Please retype the entries below exactly, only from their first line through the line containing "TÜV南德依照PPP5109", leaving every picture out.
+ + + + + + +
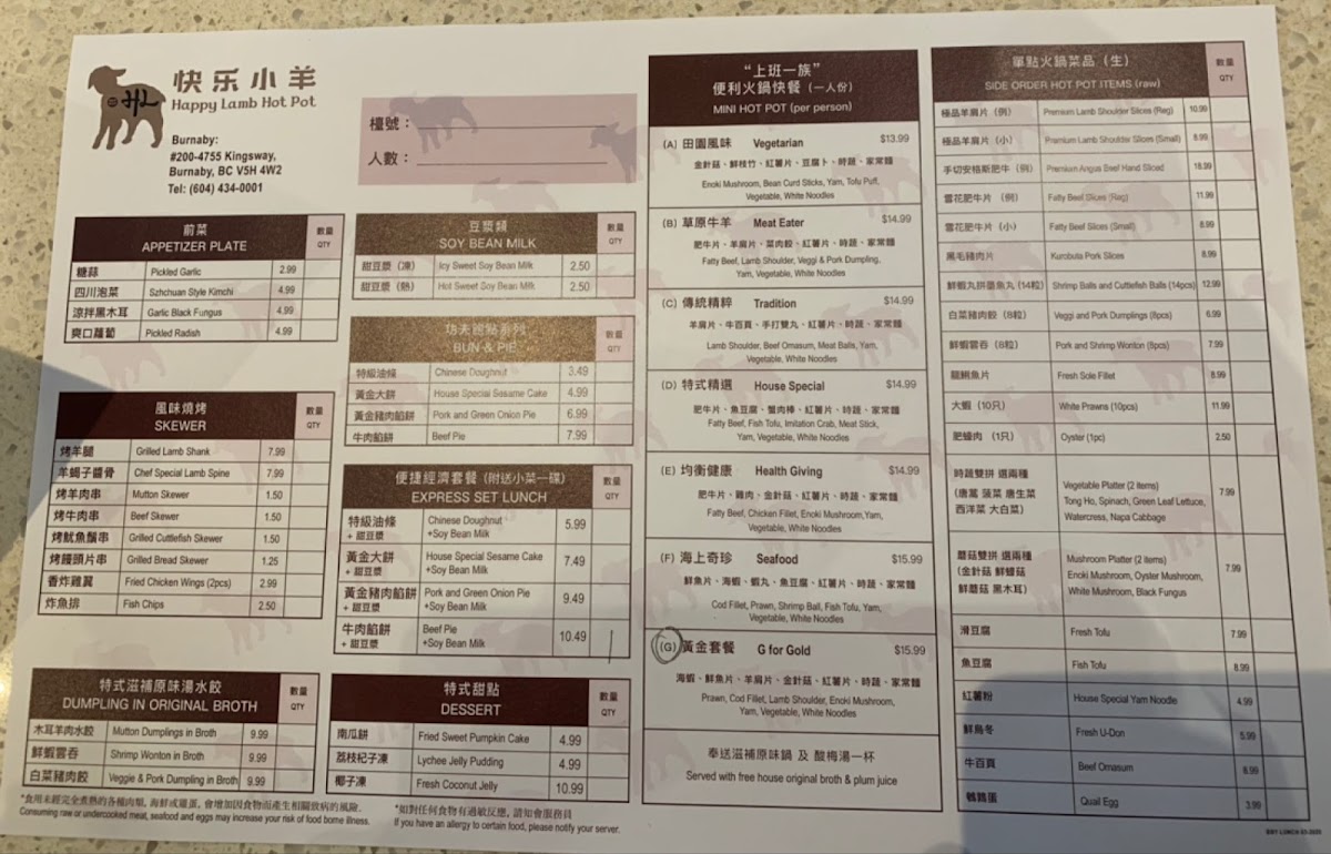 Welcome to Happy Lamb Hot Pot, Burnaby, where a delightful culinary experience awaits you at 4755 Kingsway, Burnaby. This all-you-can-eat haven has earned rave reviews for its fresh, high-quality ingredients, diverse broths, and exceptional service. Diners can indulge in a rich selection of meats, seafood, and vegetarian options, ensuring everyone finds something to enjoy.
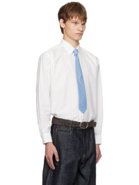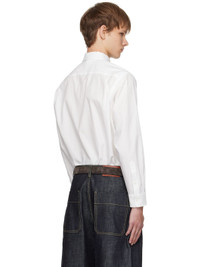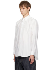 Washed extra-long staple Finx cotton twill shirt. · Spread collar · Button closure · Shirttail hem · Buttoned barrel cuffs · Twin pleats at back yoke · Mother-of-pearl hardware Supplier color: White 100% cotton. Made in Japan 252484M192023
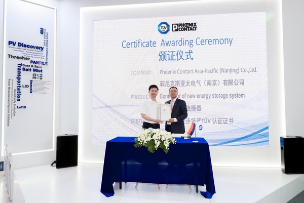 TÜV南德依照PPP51090A,針對菲尼克斯的這款新能源儲能連接器產品,進行了機械、電氣、環境等一系列項目的測試與評估,在歷時將近二個月的時間之后,菲尼克斯的該款新能源儲能連接器產品成功通過TÜV南德的檢測并收獲TÜV南德認證,收獲該證書是對菲尼克斯這款新能源儲能連接器產品性能及可靠性的雙重認可。TÜV南德許海亮在頒證儀式上對菲尼克斯亞表示祝賀并提到,“TÜV 南德將憑借在新能源領域先進的技術能力和豐富的經驗積累,助力企業在新能源產業發展道路上行遠致穩。”
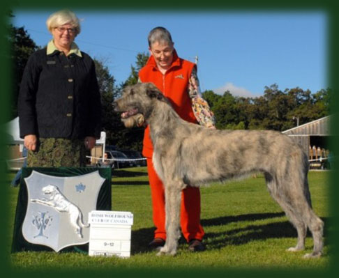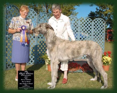 Throughout the remainder of 2007 Salt continued to impress judges in both Canada and the USA at IW Specialties and All Breed shows. While still a junior puppy he took his first 3 Championship points going Best of Breed, Best of Winners, and Best Puppy over an entry of 8 mostly adults including a Champion, under Sighthound specialist Pamela Bruce. One week later, at just 9 months he took the same wins again at the Capital Area Sighthound Association Specialty over a similar entry under Scottish Deerhound fancier Sandra Anderson, pictured below.
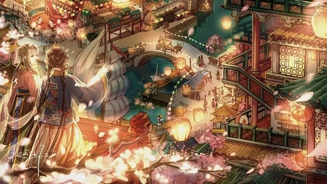 街上是一片繁华的样子,灯光闪闪,碧水绕着长安直通城门。
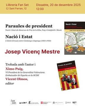 Aquest dissabte 20 de desembre de 2025, a les 12:00 hores, tindrà lloc a la Llibreria Fan Set la presentació dels llibres “Nació i Estat” i “Paraules del President”, de l’historiador i professor Josep Vicenç Mestre.
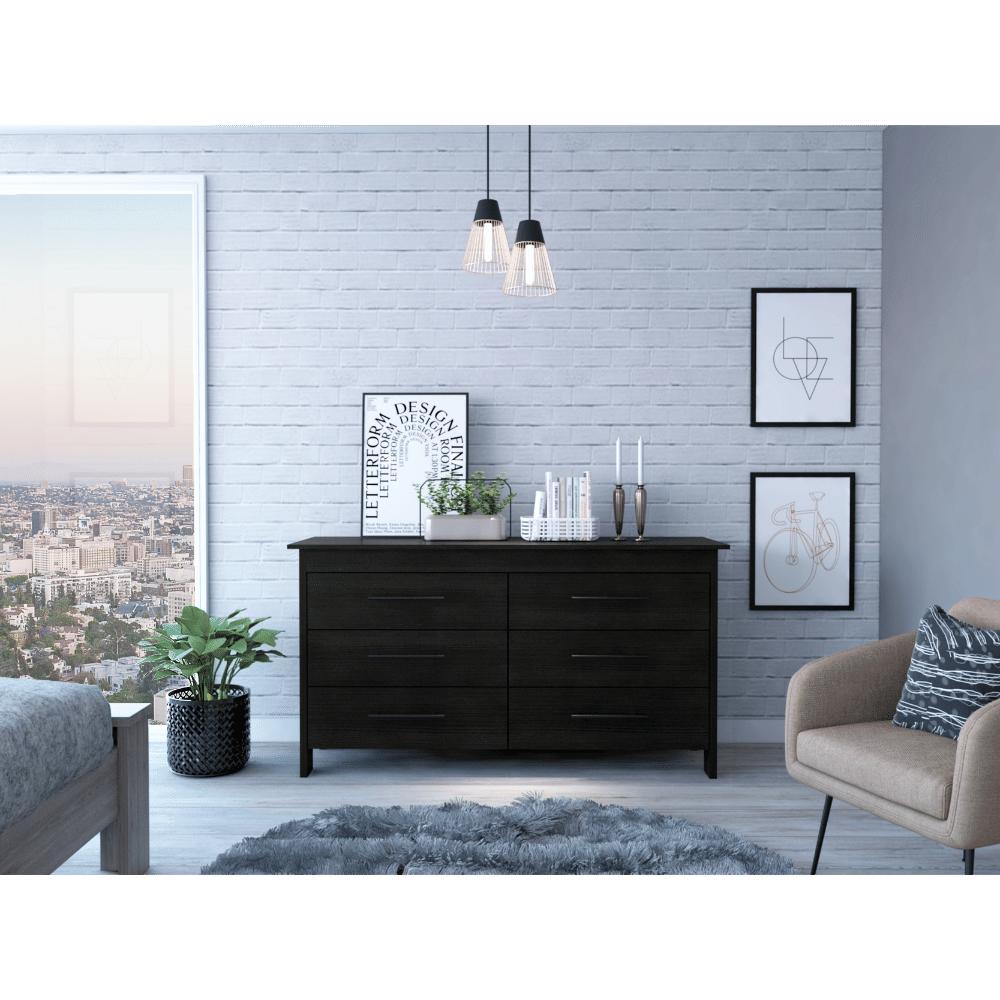 The Seul 6-Drawer Chest adds contemporary flair to your bedroom. Thanks to its six spacious and efficient drawers; they offer an excellent solution for storing accessories such as shirts; jeans; underwear; caps; and other items.It has a surface designed for photographs; consoles; lamps; and accessories that you want to use to complement a beautiful decoration in your bedroom.This clean-lined double dresser brings your bedroom or guest room into the 21st century by offering virtual storage space. Made in Colombia; this economic piece features six very spacious drawers (7.5" high x 26.8" wide) that will provide you with plenty of hidden space; each drawer comes with black metal pulls for a modern touch; roller glides; and all-metal hardware for smoother; longer-lasting drawer operation. A neutral finish gives this design the versatility to blend with any color palette you dream up.The top table (58W x 19" D) is perfect for placing decorative items or even a flat-screen TV.This product stands on four legs with a 3.8" clearance that will help you clean and reach underneath it.Overall product dimensions are 58W x 19 "D x 31.7 "H. White Finish
+ + + + + + +
REPLY:
 Welcome to Happy Lamb Hot Pot, Burnaby, where a delightful culinary experience awaits you at 4755 Kingsway, Burnaby. This all-you-can-eat haven has earned rave reviews for its fresh, high-quality ingredients, diverse broths, and exceptional service. Diners can indulge in a rich selection of meats, seafood, and vegetarian options, ensuring everyone finds something to enjoy.
 Washed extra-long staple Finx cotton twill shirt. · Spread collar · Button closure · Shirttail hem · Buttoned barrel cuffs · Twin pleats at back yoke · Mother-of-pearl hardware Supplier color: White 100% cotton. Made in Japan 252484M192023
 TÜV南德依照PPP51090A,針對菲尼克斯的這款新能源儲能連接器產品,進行了機械、電氣、環境等一系列項目的測試與評估,在歷時將近二個月的時間之后,菲尼克斯的該款新能源儲能連接器產品成功通過TÜV南德的檢測并收獲TÜV南德認證,收獲該證書是對菲尼克斯這款新能源儲能連接器產品性能及可靠性的雙重認可。TÜV南德許海亮在頒證儀式上對菲尼克斯亞表示祝賀并提到,“TÜV 南德將憑借在新能源領域先進的技術能力和豐富的經驗積累,助力企業在新能源產業發展道路上行遠致穩。”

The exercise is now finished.